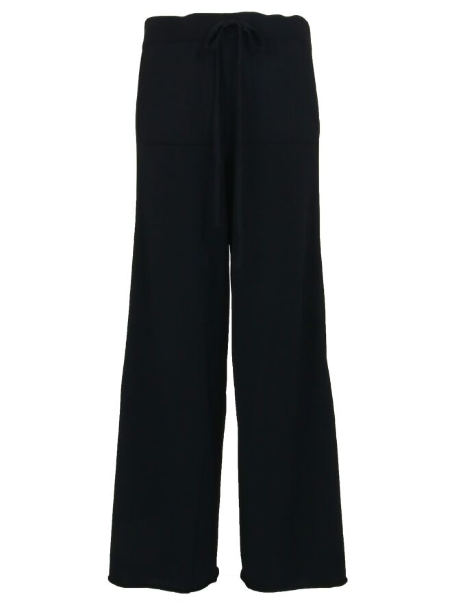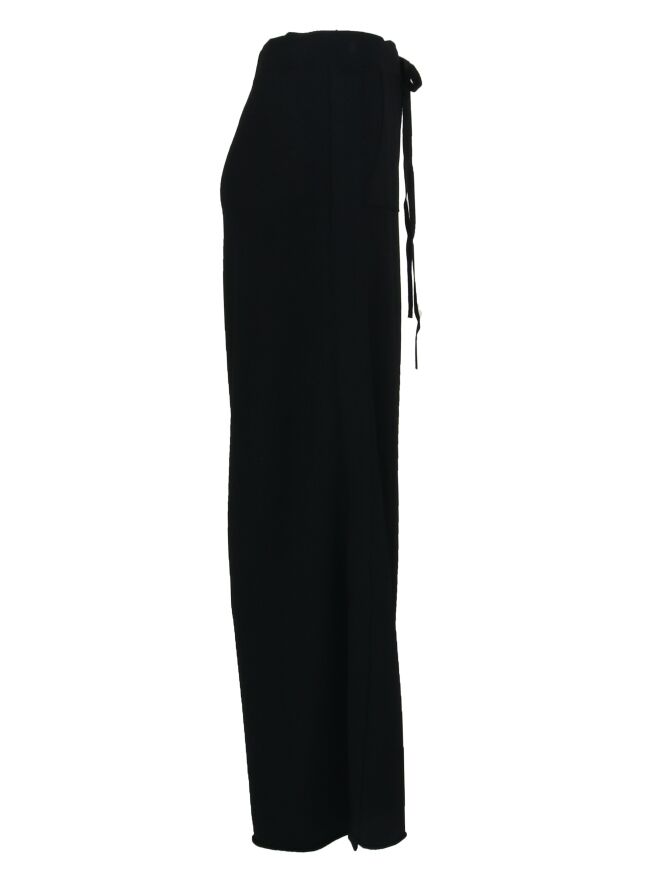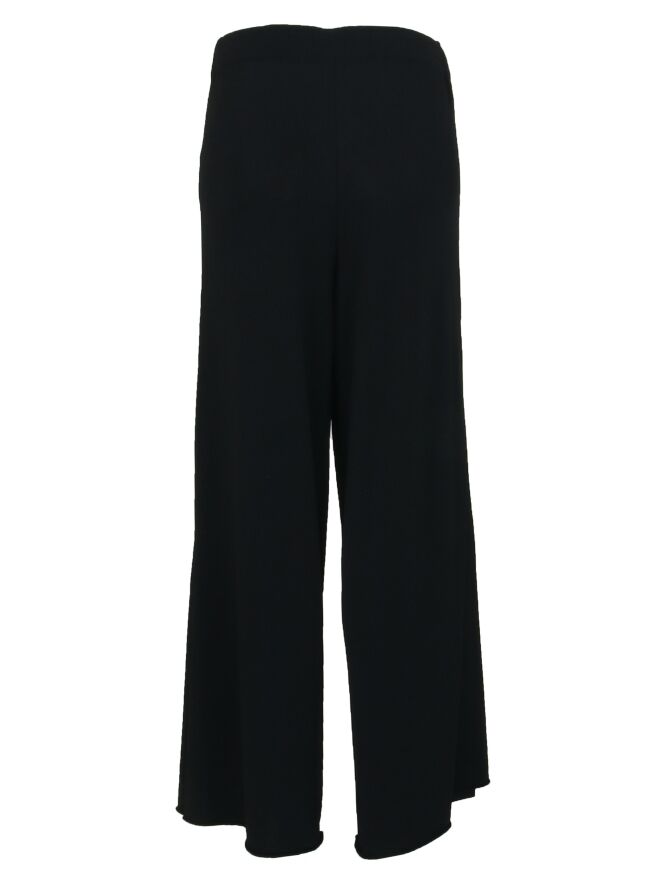 Eeen zeer wijde luxe broek van Annette Görtz in de kleur zwart. In de taille is een brede elastieken band. Onder de taille zijn 2 zakken. Aan de zijkanten is een brede geribbelde bies. Deze broek mag op 30 graden worden gewassen.
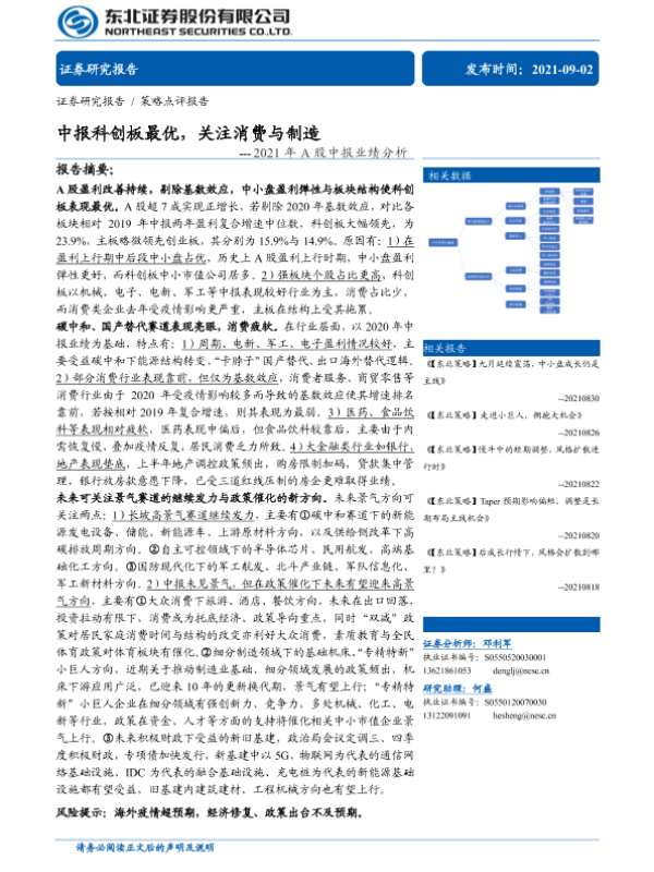 【东北证券】【20210902】2021年A股中报业绩分析:中报科创板最优,关注消费与制造-20页 行业研究
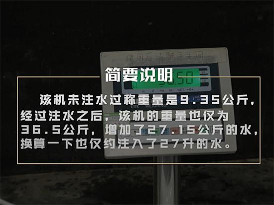 该机未注水过称重量是9.35公斤,比同容量的产品要轻很多,这也让我们对其真实容量有所怀疑。果然,经过注水之后,该机的重量也仅为36.5公斤,也就是说增加了27.15公斤的水,换算一下也仅约注入了27升的水,和标称50升相去甚远,虚标极其严重。
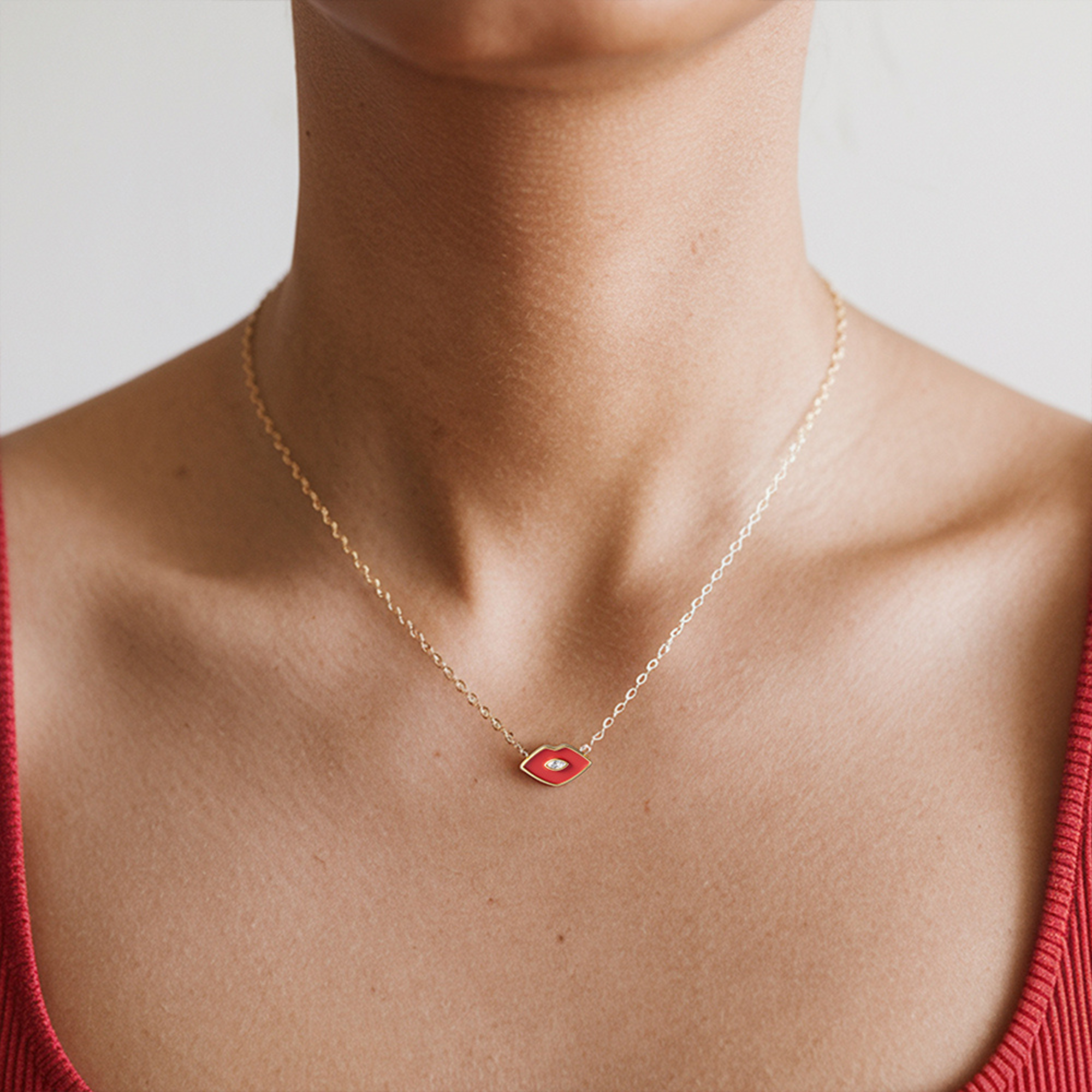 Add a bold and playful touch to your look with the Octavian Kiss Diamond Necklace. Featuring a unique lips-shaped pendant crafted from hypoallergenic enamel and set with a dazzling 0.3CT lab-grown marquise-cut diamond simulant, this piece is perfect for anyone who loves distinctive and stylish jewelry.
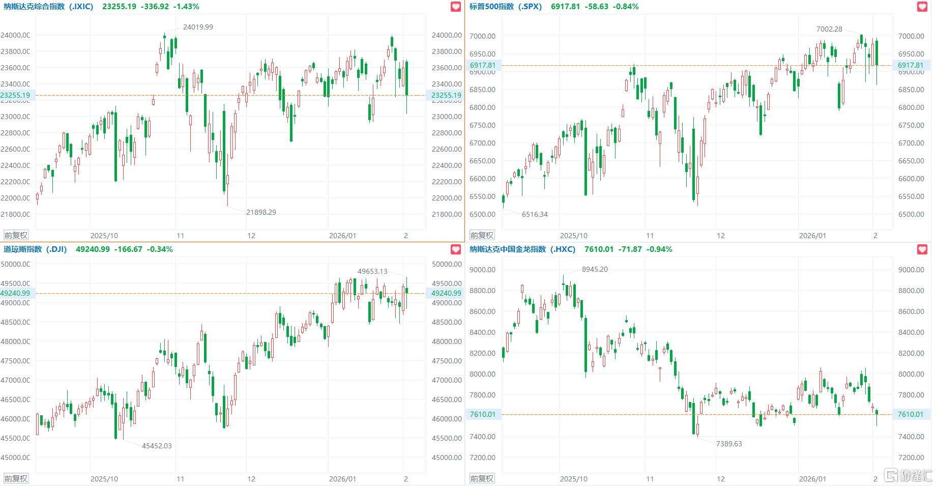 美股三大指数集体收跌,道指跌0.34%,纳指跌1.43%,标普500指数跌0.83%,热门科技股普跌,博通跌超3%,微软、英伟达、Meta跌超2%。稀土概念、有色金属、贵金属涨幅居前,黄金资源涨超20%,南方铜业涨超11%,美洲白银公司涨超8%,泛美白银涨超5%。应用软件、加密货币、减肥药概念股跌幅居前,诺和诺德跌超14%,Coinbase、Circle跌超4%,礼来、辉瑞跌超3%。沃尔玛收涨2.94%,市值首次突破1万亿美元大关。
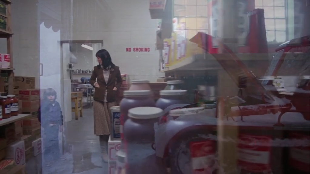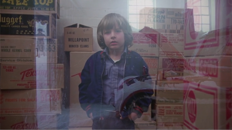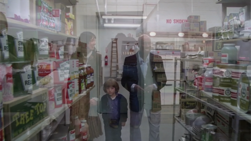 - Going back for a little bit of Beatles trivia: John Lennon’s favourite snack was cornflakes served with cream (which apparently is where the phrase “Sitting on a cornflake, waiting for the man to come” comes from in I Am the Walrus off Magical Mystery Tour, the album that is visible in A Clockwork Orange…but I’m getting ahead of myself). In Hallorann’s long list of items to be found here, he mentions “…cornflakes…” right at this moment, which happens to show Danny standing in a shaft of light from the mirror world, staring off in the direction of the camera crew, for some reason, ignoring his mom’s look as she follows Hallorann. But more significantly, there’s a box of Cornflakes now visible just to the left of Danny’s head, which was obscured by the opening framing of this scene. So it’s only on screen for a second, and only when Hallorann says the name.
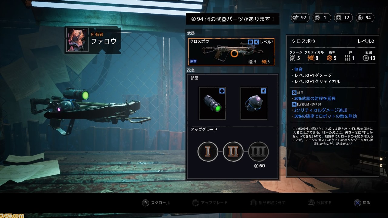 なお、武器にも強化要素があり、ステージで入手できるアイテムを消費して、攻撃力とクリティカル時に与えるダメージを強化できる。さらに、部品を取り付けることで、威力を強化したり、追加効果を発生させられる。部品は着脱可能なので、入手したらすぐに武器に取り付けるだけで性能アップが図れるのは使い勝手がいい。
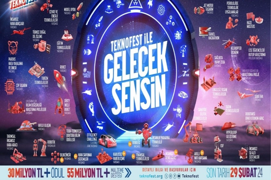 TEKNOFEST Havacılık, Uzay ve Teknoloji Festivali kapsamında düzenlenen dünyanın en büyük teknoloji yarışmaları için başvurular başladı. "TEKNOFEST ile Gelecek Sensin” mottosuyla prestijli yarışmalarda yüksek performans sergileyecek teknoloji tutkunlarına 30 milyon TL ödül ve 55 milyon TL’nin üzerinde malzeme desteği sağlanacak. Her yıl bir önceki yıla göre daha fazla yarışma kategorisinin açıldığı ve Türkiye tarihinin en büyük ödüllü teknoloji yarışmaları olan TEKNOFEST teknoloji yarışmaları bu yıl 46 ana kategori, 117 alt kategoride düzenlenecek. TEKNOFEST 2024 teknoloji yarışmalarına başvurular 29 Şubat 2024 tarihine kadar yapılabilecek.
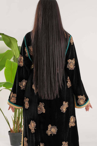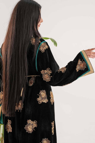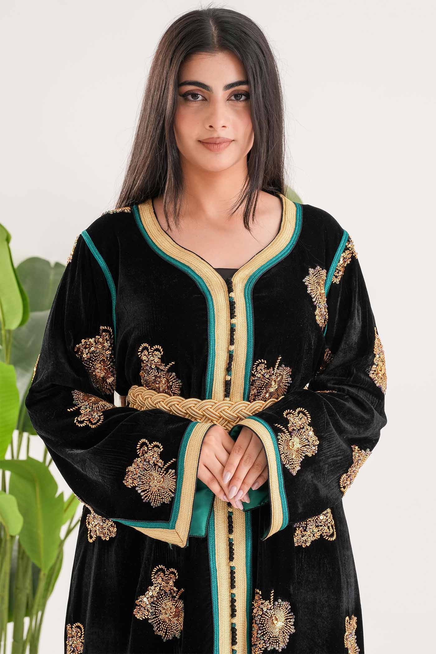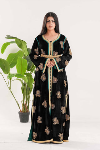NY-90 BLACK AND GOLD CAFTAN WITH BELT

—————

A word-for-word reproduction is needed of the lines above from the line containing "美股三大指数集体收跌,道指跌" through the line containing "なお、武器にも強化要素があり", with both ends kept and no pictures.

 美股三大指数集体收跌,道指跌0.34%,纳指跌1.43%,标普500指数跌0.83%,热门科技股普跌,博通跌超3%,微软、英伟达、Meta跌超2%。稀土概念、有色金属、贵金属涨幅居前,黄金资源涨超20%,南方铜业涨超11%,美洲白银公司涨超8%,泛美白银涨超5%。应用软件、加密货币、减肥药概念股跌幅居前,诺和诺德跌超14%,Coinbase、Circle跌超4%,礼来、辉瑞跌超3%。沃尔玛收涨2.94%,市值首次突破1万亿美元大关。
 - Going back for a little bit of Beatles trivia: John Lennon’s favourite snack was cornflakes served with cream (which apparently is where the phrase “Sitting on a cornflake, waiting for the man to come” comes from in I Am the Walrus off Magical Mystery Tour, the album that is visible in A Clockwork Orange…but I’m getting ahead of myself). In Hallorann’s long list of items to be found here, he mentions “…cornflakes…” right at this moment, which happens to show Danny standing in a shaft of light from the mirror world, staring off in the direction of the camera crew, for some reason, ignoring his mom’s look as she follows Hallorann. But more significantly, there’s a box of Cornflakes now visible just to the left of Danny’s head, which was obscured by the opening framing of this scene. So it’s only on screen for a second, and only when Hallorann says the name.
 なお、武器にも強化要素があり、ステージで入手できるアイテムを消費して、攻撃力とクリティカル時に与えるダメージを強化できる。さらに、部品を取り付けることで、威力を強化したり、追加効果を発生させられる。部品は着脱可能なので、入手したらすぐに武器に取り付けるだけで性能アップが図れるのは使い勝手がいい。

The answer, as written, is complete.